Indications of the sector’s skyrocketing success are everywhere – most visibly in the country’s much-vaunted infrastructure. Examples include, but are not limited to, the Petronas Towers, the erstwhile tallest buildings in the world and centrepiece of Kuala Lumpur’s skyline; Putrajaya, the country’s administrative capital; and the Kuala Lumpur International Airport.

The sector, note Pritish Bhattacharya and Francis E. Hutchinson, has also underpinned many of Malaysia’s economic nationalist aspirations. Today, the government-owned corporate giant, Petronas, is a source of pride and was the nation’s sole Fortune Global 500 company in 2021.

The government has also sought to foster an ecosystem of local firms in the oil and gas sector to diversify the economy and foster more technologically-intensive tasks.

And, when demand calls, it has used the country’s national flagship firm to bail out capsizing corporate captains.

In Nigeria, the legal production of oil provides immense opportunities for corruption and fraud. It is a highly corrupt industry with the Nigerian National Petroleum Company at the centre of this pyramid of corruption.

According to a report by late economist Pius Okigbo, $12.4 billion of oil windfall simply vanished from the nations’ public coffers between 1990 and 1993.

Read also: IOCs lament threat to business as Nigeria loses $3.27bn to crude oil theft

Known for its lack of transparency, NNPC, says Marc-Anthony Perouse de Montclos in his 2018 report on oil rent and corruption in Nigeria, “is a kind of Bermuda triangle where public money disappears forever. It does not pay taxes and only transfers parts of its revenues to the central bank.”
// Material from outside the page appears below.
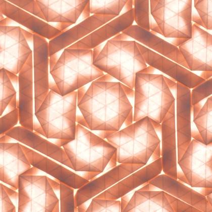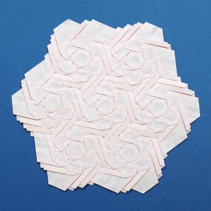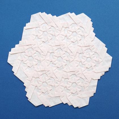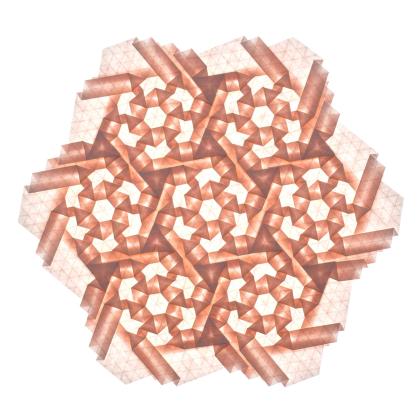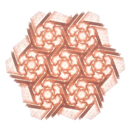 This piece was folded from a single sheet of paper using hybrid hexagon twists and the pattern can repeat infinitely.
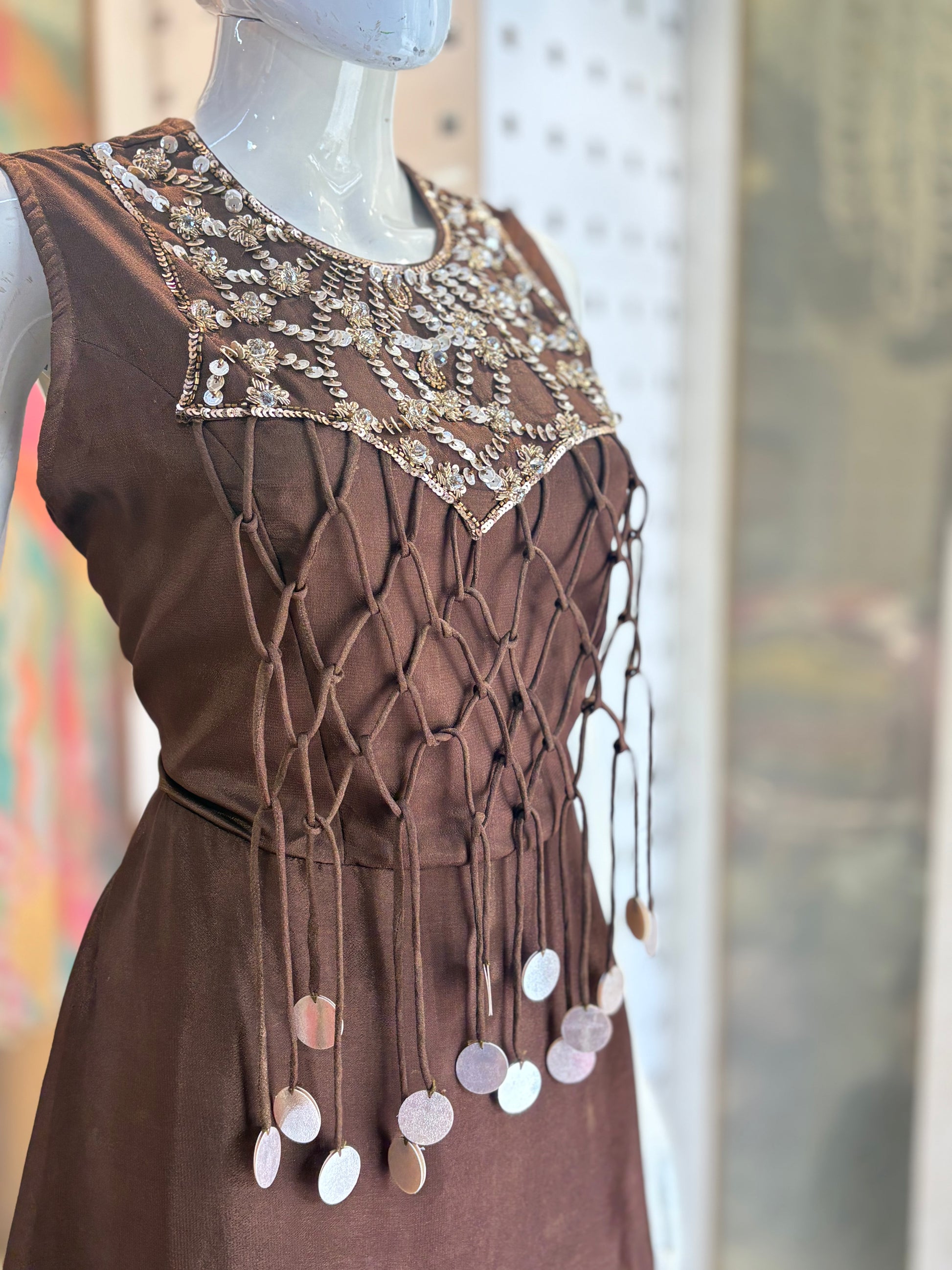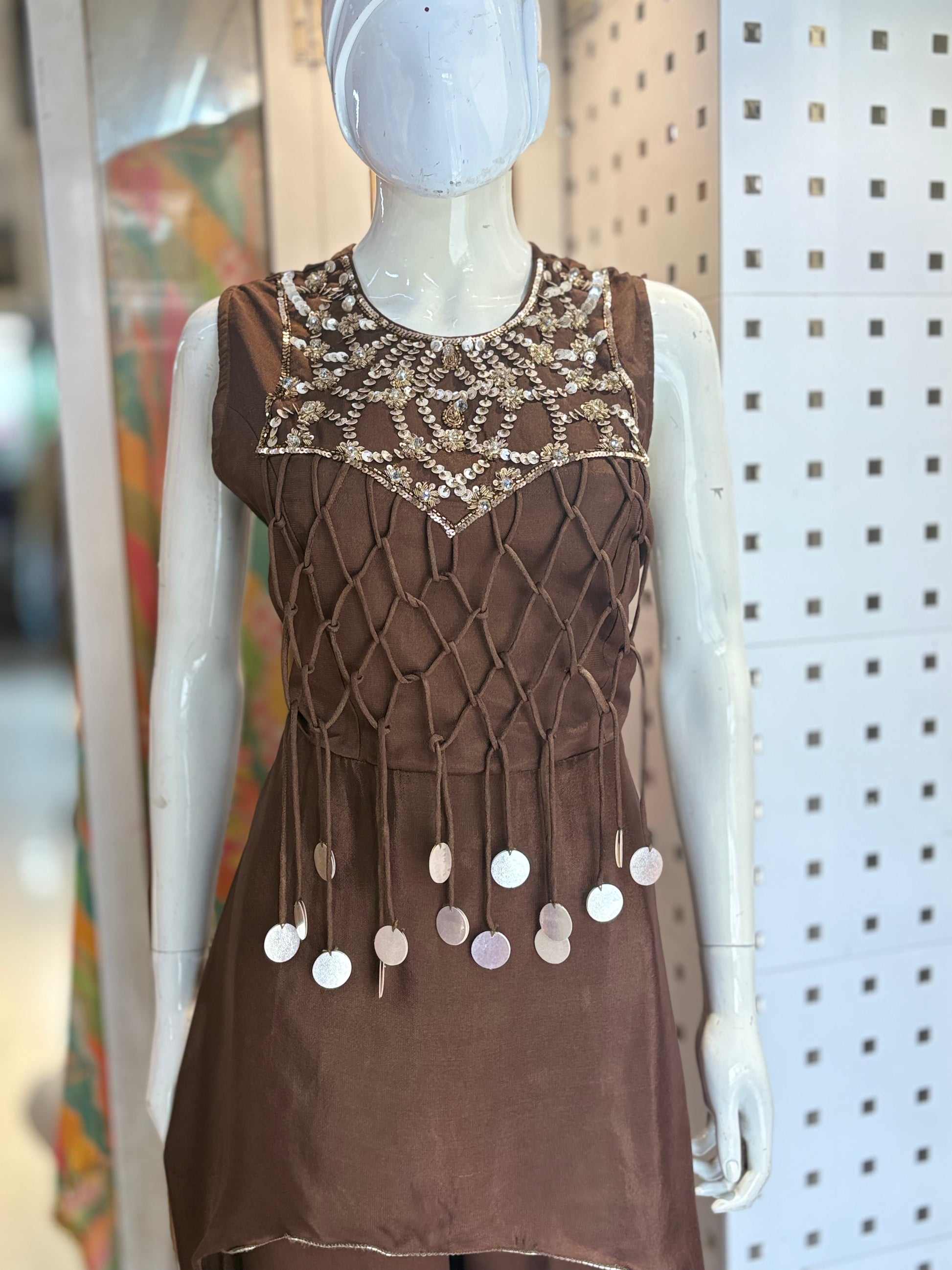 Crafted from pure viscose crepe, this Indowestern up & down kurti paired with pants offers a seamless blend of comfort and elegance. The breathable fabric ensures a soft drape that enhances your silhouette while maintaining durability. Designed for versatility, this set suits both casual and formal occasions, allowing effortless style with expert tailoring and a contemporary silhouette.

In 10 years, the NNPC never paid dividends to Abuja from its liquefied natural gas plant (NLNG) in Bonny and export revenue from the Okono offshore field, OML 119, which has been operated by Agip since 2000. The amounts are not insignificant: from 2005 to 2014, it should have paid the equivalent of $12.3 billion.

Poor governance and outright corruption make it actually impossible to verify or dispute the NNPC’s statistics. Because of its majority position in joint-ventures and production sharing contracts with transnational corporations, De Montcloss posits, the national oil company is in fact the linchpin of corruption in the industry.
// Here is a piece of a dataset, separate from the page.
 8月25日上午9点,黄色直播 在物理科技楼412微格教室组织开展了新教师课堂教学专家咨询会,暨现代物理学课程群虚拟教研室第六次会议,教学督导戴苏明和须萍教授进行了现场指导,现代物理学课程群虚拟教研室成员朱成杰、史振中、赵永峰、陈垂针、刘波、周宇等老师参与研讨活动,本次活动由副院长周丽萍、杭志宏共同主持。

“It is literally the Federal Government’s “cash cow”, as it has to give back in one form or another the subsidies it depends on to fund its operations and investments by negotiating ad hoc credit lines or rebates on the income that it is supposed to send to Abuja.

The authorities do not hesitate to use the funds they need, particularly in electoral campaign periods. In the opinion of specialists, the NNPC is not designed and managed as a commercial enterprise, but as a ‘patronage instrument,’ which helps well-connected individuals and gatekeepers to exercise a sort of veto power and to collect commission on each transaction they have to approve”.

That Nigeria’s oil and gas sector is teetering on the edge of collapse can be traced to one major factor: corruption.